Solar energy has been all over the news lately. It feels like there’s a new “breakthrough” in solar technology (and a new use for graphene) every other week. So we had to ask the question– How good are modern solar panels?
Defining terms is a great place to start. Photovoltaic solar cells convert solar energy into electricity. These cells are placed into a protective casing that forms what’s called a “module”, as shown by the Florida Solar Energy Center.
This distinction is important for our purposes because efficiency is lost when forming cells into modules. “Efficiency” in this context refers to the amount of electricity generated per unit of solar energy that hits the panels. Solar cells with 40% efficiency don’t necessarily form modules that provide the same level of power output.
SunPower is one of the largest companies in the solar panel market, and they produce panels for homes, businesses, and utilities. Their residential “E-Series” panels boast 20.4% efficiency, as taken from this data sheet about the product line.
Finding this information took a bit of digging– probably because leading with “Our product is 20% efficient!” isn’t the best slogan for a marketing campaign. This efficiency is at the top of the market for residential solar panels, but it just doesn’t sound like a great deal.
Surely 20% isn’t the best we can do!
Residential solar applications are limited by cost because most people can’t afford (and don’t need) many high-tech solar panels in their back yard. Large-scale power utilities differ because there’s more money involved and a demand for higher energy output.
Many large solar farms use solar concentration technology to increase efficiency. These plants use special mirrors or lenses to focus the sun on a tube of liquid to produce steam and drive a turbine, according to the Solar Energy Industries Association.
These concentration technologies increase efficiency to a range somewhere around 40% depending on environmental conditions and the specifics of a certain array, according to the International Energy Association. Increased performance comes with an increased cost, and these setups are extremely expensive.
Answer the question!
So the verdict: Modern solar efficiency floats around 20% for residential applications and 40% for large-scale power utility applications.

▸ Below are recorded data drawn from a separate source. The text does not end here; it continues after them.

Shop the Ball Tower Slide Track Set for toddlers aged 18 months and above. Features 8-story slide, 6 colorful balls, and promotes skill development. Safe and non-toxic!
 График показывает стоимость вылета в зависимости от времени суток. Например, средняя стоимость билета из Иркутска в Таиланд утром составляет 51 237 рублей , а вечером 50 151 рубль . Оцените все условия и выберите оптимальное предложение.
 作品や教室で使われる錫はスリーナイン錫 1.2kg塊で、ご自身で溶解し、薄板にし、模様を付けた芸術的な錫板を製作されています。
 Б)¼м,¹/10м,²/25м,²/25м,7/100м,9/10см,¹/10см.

Solar power technology continues to improve just like anything else. However, cutting-edge breakthroughs can’t be implemented overnight. Breakthroughs in the lab are great, but it takes a while for the technology to reach consumer-grade hardware. Panel prices continue to drop, so do some searching if you’re interested in going green.

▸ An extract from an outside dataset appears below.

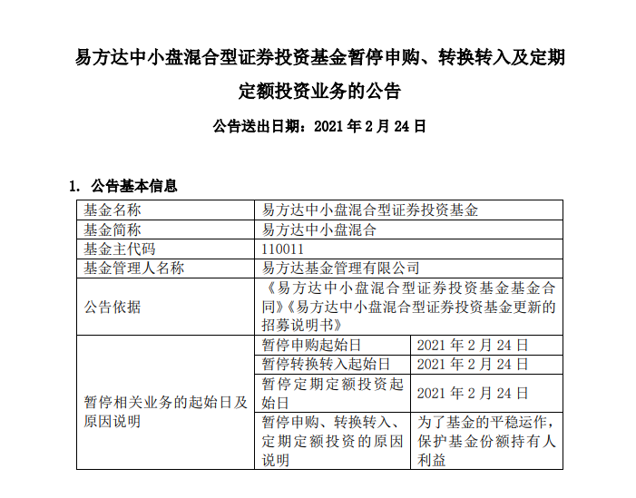 【张坤管理的易方达中小盘停止申购,同时宣布大额分红】为了基金的平稳运作,保护基金份额持有人利益,易方达中小盘混合2月24日起暂停易方达中小盘混合型证券投资基金在非直销销售机构、本公司网上直销系统的申购、转换转入及定期定额投资业务。此外,易方达中小盘还发了分红公告,本次分红为9元/10份基金份额。权益登记日2021年2月25日,现金红利发放日2021年2月26日。

The Future of Solar Energy (Featuring Elon Musk)
Recent technological advances show that solar energy is on the cusp of growing in popularity into the future.

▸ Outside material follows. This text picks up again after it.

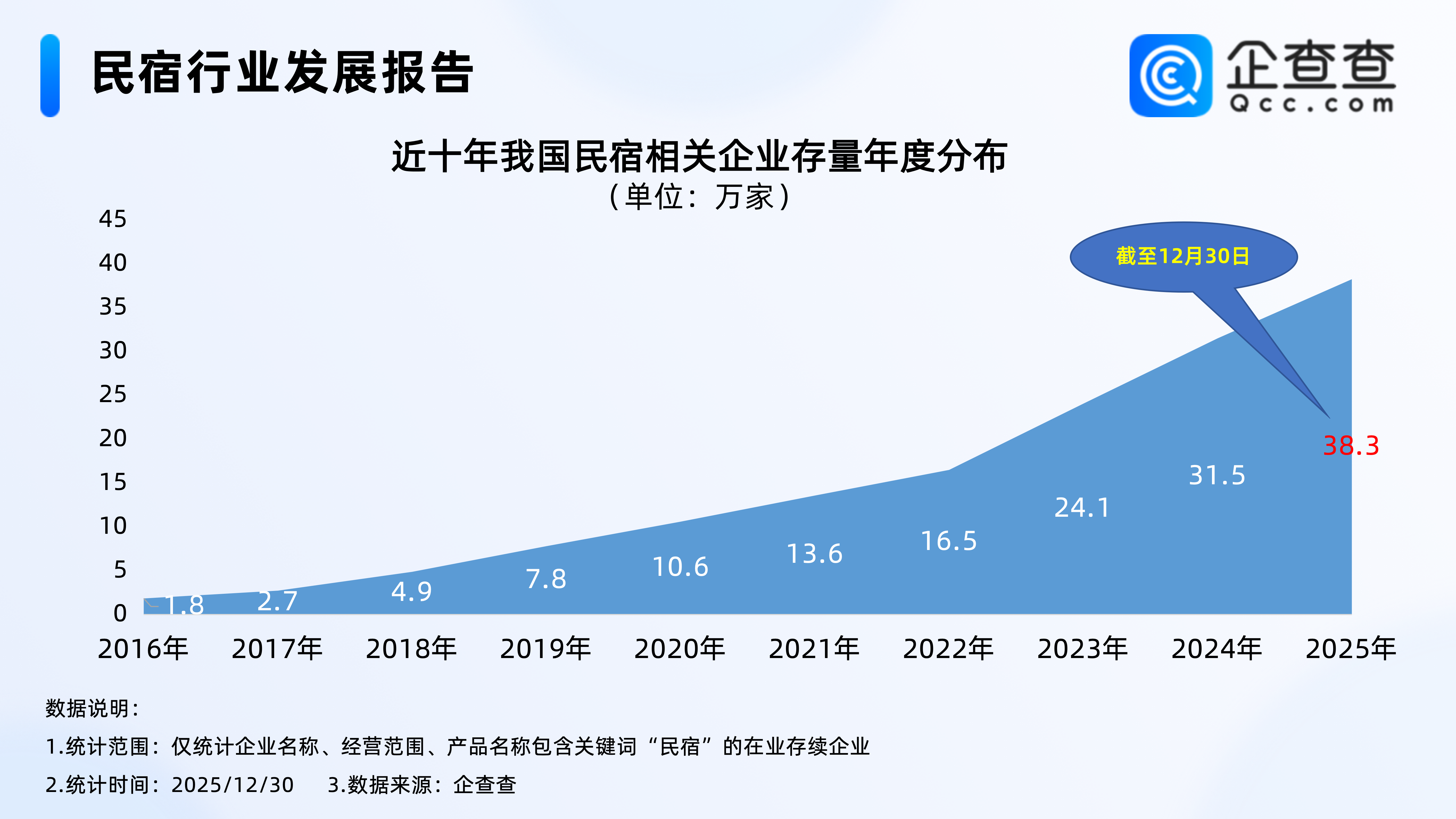 元旦假期旅游热潮将带动民宿市场迎来“预订爆发+场景升级”双重高峰。途家数据显示,“包栋别墅”跨年成为最流行的方式之一,元旦期间,平台民宿平台上的独栋别墅预订量同比增长1.4倍,在所有房型中增速最快。“00后”成为民宿消费主力,元旦民宿预订量占比达52%,同比增长1.7倍。2026年元旦假期民宿预订火热,木鸟民宿元旦当日订单比去年同期上涨164%,跨年游带动元旦假期民宿订单增长,跨年夜民宿订单较元旦当天高30%。同程旅行数据印证,广州、三亚等避寒城市民宿订单涨幅介于50%至246%之间,“包栋跨年”“仪式感住宿”成为核心消费趋势。供需两旺下,民宿行业正凭借场景化、个性化优势,持续承接假期旅游消费红利。企查查数据显示,截至12月30日,我国现存38.3万家民宿相关企业至慧策略,区域分布上,我国华东地区民宿相关企业存量最多,占全国总存量的26.2%,其次是西南地区,占比18.1%;注册量方面,截至12月30日,2025年以来我国已注册8.6万家民宿相关企业,与存量区域分布不同的是,新注册企业中,西南地区占比21.5%,超过华东地区至慧策略,成为2025年以来,全国新注册民宿相关企业最多的区域。1.从企业存量来看:我国现存38万余家民宿相关企业
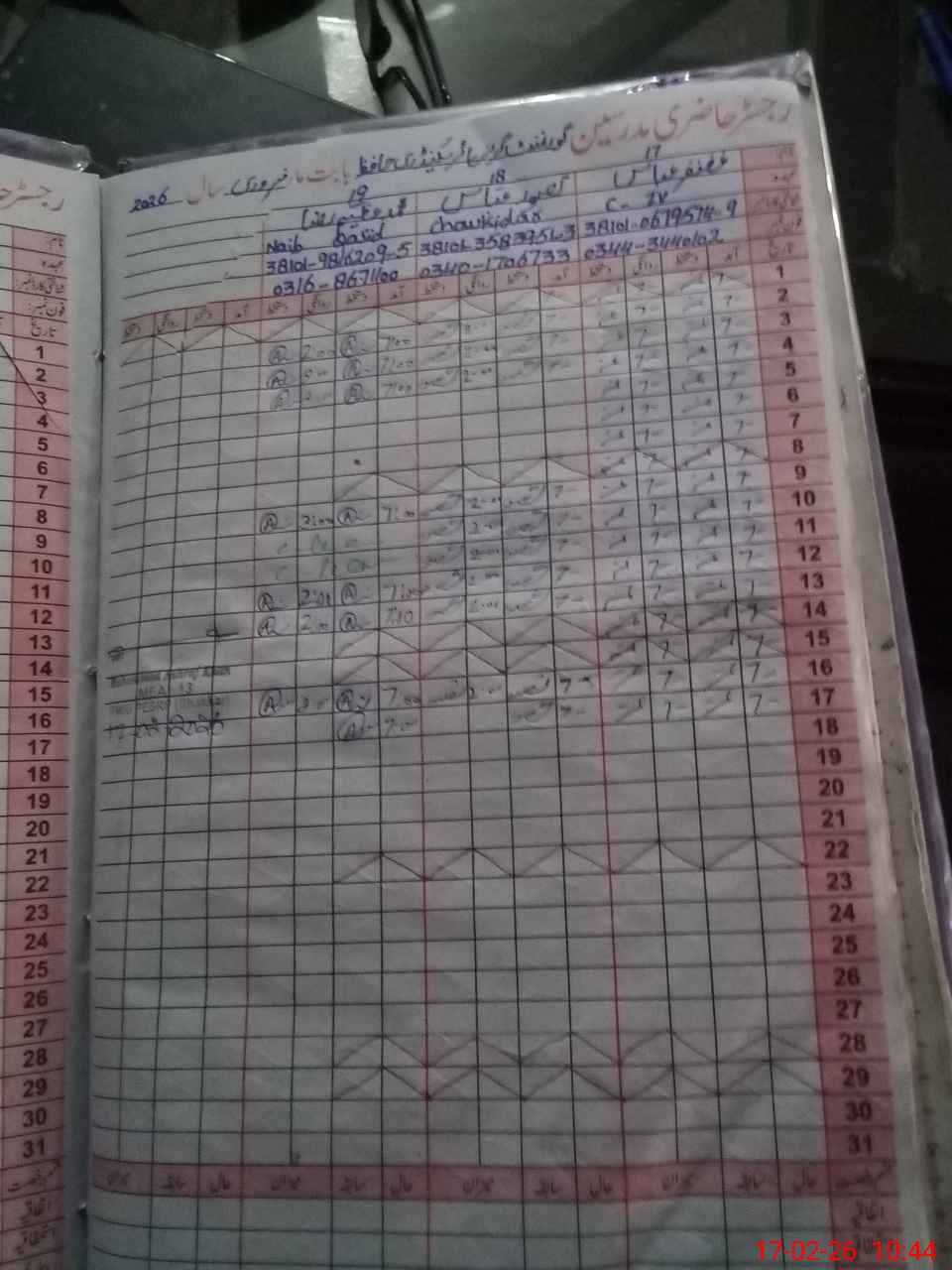 | CNIC | Full Name | Designation | R/C | Absence during last cal. month |

Everyone’s favorite billionaire Elon Musk wants to get into the solar power market– his electric car company Tesla recently acquired solar panel provider SolarCity for $2.3 billion. He sees the current state of consumer solar power as a huge business opportunity for the company.
Musk recently revealed SolarCity’s newest product, the Solar Roof. Consumers can replace their roofs with specialized shingles containing solar technology. His company claims the tiles are tough enough to withstand inclement weather, and can even be cheaper than a traditional roof.
The Solar Roof would be paired with Tesla’s Powerwall– a battery that can actually hold the electricity generated from the Solar Roof. Tesla and Solar City hope the panel-and-battery combination will help bring renewable energy to many more homes across the United States.
Will Musk’s ambition change the solar panel business forever? Only time will tell. We’re rooting for him.